Different bedding loaded coal mechanics properties and acoustic emission

  • Jiajia LiuEmail author
  • Ming YangEmail author
  • Dan Wang
  • Junhao Zhang
Original Article


Using TAW-2000KN electro-hydraulic servo rock press machines and the American Physical Acoustics Company’s SH-II acoustic emission systems, experimental studies began to address the mechanical properties in different beddings of loaded coal and the related acoustic emission characteristics, established based on the acoustic emission damage model, and verify the model. The results show that the mechanical properties of different coal sample beddings are distinctive, with maximum uniaxial compressive strength and elastic modulus of vertical stratification of coal samples and the minimum Poisson’s ratio. Thus, the minimum uniaxial compressive strength and elastic modulus of oblique bedding coal samples along with the maximum Poisson’s ratio in the processes of loading result in different bedding coal samples having different stress–strain curves, especially when different bedding coal samples experience the stages of fissure compression, elastic deformation, plastic deformation and instability and destruction. In addition, the displacement proportions of each stage of the loading process have relatively obvious differences: the loading times of vertical, parallel and oblique bedding coal are 495, 382 and 331 s, respectively, and their acoustic emission mutation points of peak stress are approximately 60, 41 and 33%, respectively. Thus, we can use the mutation point as precursor information to estimate the damage intensity in different bedding seams. The theoretical and experimental stress–strain curves obtained by the coal damage model are basically identical, verifying the reliability of the model and reflecting the feasibility of acoustic emission technology in the study of coal damage. The results can effectively forecast coal and gas outburst hazard in coal mines, especially highly gassy and outburst mines. It can also make comprehensive predictions for flooding accidents, roof fall accidents and other disasters, and provide valuable evacuation time for underground coal mine workers. The results are of great scientific significance in safeguarding the safety of coal mines.

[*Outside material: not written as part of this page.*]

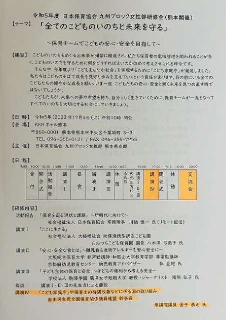 令和5年度 日本保育協会「 九州ブロック 女性部 」研修会( 熊本市・KKRホテル熊本 ) ※自民党全国保育関係議員連盟 幹事長として 講演

Different bedding Mechanical properties Stress–strain Acoustic emission 



This work was supported by the National Natural Science Foundation of China (51604101; 51704099; 51734007), the State Key Laboratory Cultivation Base for Gas Geology and Gas Control (Henan Polytechnic University) (WS2017B06), the Doctoral Fund of Henan Polytechnic University (Grant no. B2018-59), and the Open Research Fund of State and Local Joint Engineering Laboratory for Gas Drainage & Ground Control of Deep Mines (Henan Polytechnic University) (G201608).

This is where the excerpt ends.